5.24.8. Adding new items to a dict
#
Adding a new item to an existing dict is just an assignment.
counts["T"] = 0
5.24.9. Updating an existing item#
But where dicts become really valuable is when you need to dynamically update a value. We’ve shown this above in the case of constructing our dict of nucleotide counts (the counts are incremented). But consider the case when we have a mutable data type, such as a list
, as the value. Let’s consider the following data
data = [['FlyingFox', '8.57'],
['DogFaced', '7.66'],
['edge.0', '4.66']]
Say we want to convert the second column to floats. We can do this by iterating over the rows and only convert the index 1
. Another approach is to construct separate lists for each column and convert the entire column [4]. We start by defining our dictionary with the keys assigned values of empty lists. (I’m using assignment unpacking again.)
I know this is a little contrived, but it’s the best example I can come up with right now. The point is how we can update the value of a mutable object!

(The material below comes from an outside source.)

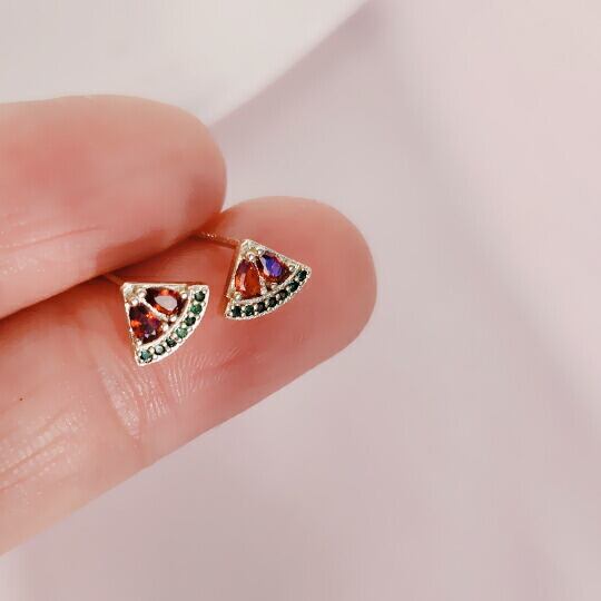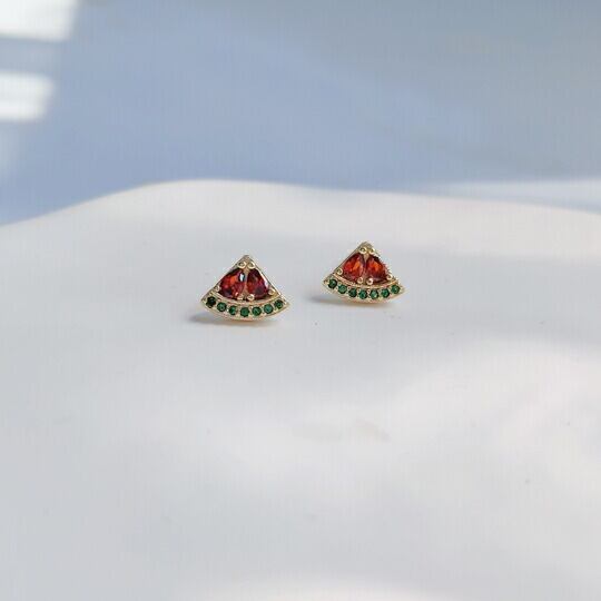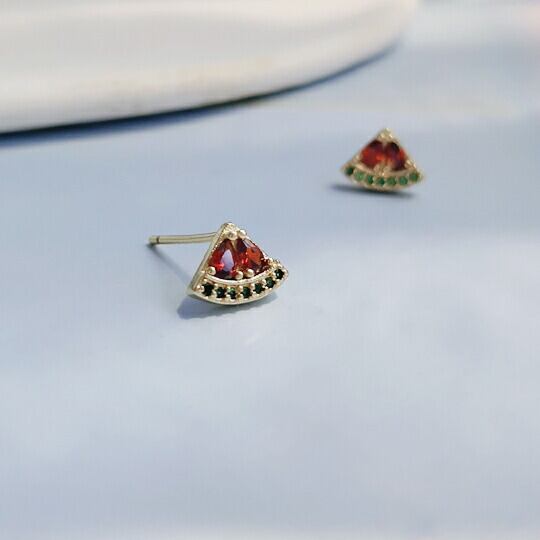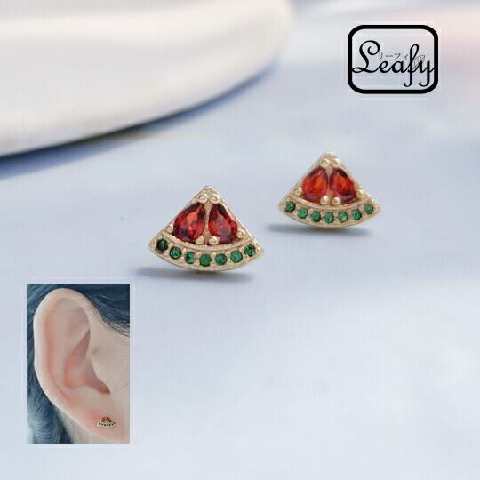 Leafy 夏の装いにぴったりな、西瓜をモチーフにしたミニピアス 鮮やかな赤色のCZダイヤが西瓜の果肉を表現し、周囲を囲む緑色の石は西瓜の皮をイメージしています 夏の日差しの下で特に美しく輝き、視線を引きつけるアクセントになることでしょう 果物 フルーツ x09544ag

by_column = {"name": [], "stat": []}
for name, stat in data:
by_column["name"].append(name)
by_column["stat"].append(stat)
by_column
{'name': ['FlyingFox', 'DogFaced', 'edge.0'], 'stat': ['8.57', '7.66', '4.66']}
In the above, the by_column[<key name>]
returns the value for that key. We can then directly access methods on that returned object using the .
syntax (in this case, the append()
method) which we use, appending a new value to. This is an example of method chaining (see Method chaining).
We can now apply our casting to the numerical column only.
by_column["stat"] = [float(v) for v in by_column["stat"]]
by_column
{'name': ['FlyingFox', 'DogFaced', 'edge.0'], 'stat': [8.57, 7.66, 4.66]}
This pattern of modifying the value associated with a key based on its current value is extremely useful.